*** Opening of INFORMATION GIVEN ***
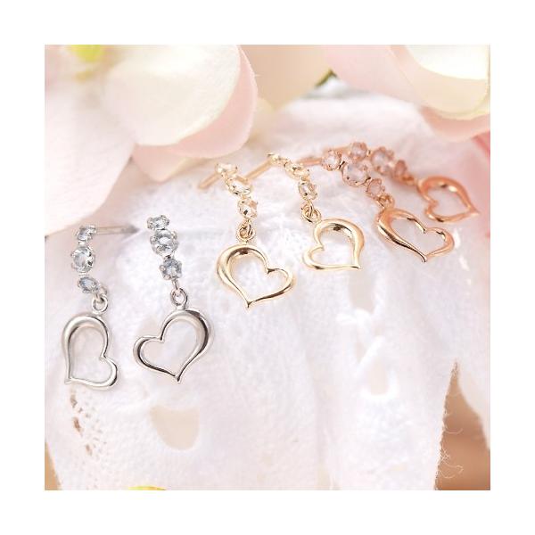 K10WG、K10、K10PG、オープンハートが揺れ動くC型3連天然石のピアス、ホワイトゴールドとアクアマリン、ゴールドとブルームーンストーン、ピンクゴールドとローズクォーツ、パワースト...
*** Close of INFORMATION GIVEN ***
*** Opening of INFORMATION GIVEN ***
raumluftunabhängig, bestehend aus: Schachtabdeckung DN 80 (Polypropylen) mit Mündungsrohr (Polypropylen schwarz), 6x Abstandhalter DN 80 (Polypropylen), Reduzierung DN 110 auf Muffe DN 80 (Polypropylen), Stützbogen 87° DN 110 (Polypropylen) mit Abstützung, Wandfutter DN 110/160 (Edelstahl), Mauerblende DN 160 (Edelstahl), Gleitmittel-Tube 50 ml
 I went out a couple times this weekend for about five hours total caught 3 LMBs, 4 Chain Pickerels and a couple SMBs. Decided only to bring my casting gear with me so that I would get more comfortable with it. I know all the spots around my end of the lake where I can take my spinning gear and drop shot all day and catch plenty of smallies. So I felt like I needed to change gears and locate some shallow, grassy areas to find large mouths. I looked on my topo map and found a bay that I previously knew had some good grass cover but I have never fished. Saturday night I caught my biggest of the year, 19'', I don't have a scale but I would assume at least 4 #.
*** Close of INFORMATION GIVEN ***
# [PROBLEM TO WORK ON]
Begin at the line above that has "raumluftunabhängig, bestehend aus: Schachtabdeckung" and stop after the line that has "I went out a", copying each line exactly and adding nothing else.

# [TASK SOLUTION]
raumluftunabhängig, bestehend aus: Schachtabdeckung DN 80 (Polypropylen) mit Mündungsrohr (Polypropylen schwarz), 6x Abstandhalter DN 80 (Polypropylen), Reduzierung DN 110 auf Muffe DN 80 (Polypropylen), Stützbogen 87° DN 110 (Polypropylen) mit Abstützung, Wandfutter DN 110/160 (Edelstahl), Mauerblende DN 160 (Edelstahl), Gleitmittel-Tube 50 ml
 I went out a couple times this weekend for about five hours total caught 3 LMBs, 4 Chain Pickerels and a couple SMBs. Decided only to bring my casting gear with me so that I would get more comfortable with it. I know all the spots around my end of the lake where I can take my spinning gear and drop shot all day and catch plenty of smallies. So I felt like I needed to change gears and locate some shallow, grassy areas to find large mouths. I looked on my topo map and found a bay that I previously knew had some good grass cover but I have never fished. Saturday night I caught my biggest of the year, 19'', I don't have a scale but I would assume at least 4 #.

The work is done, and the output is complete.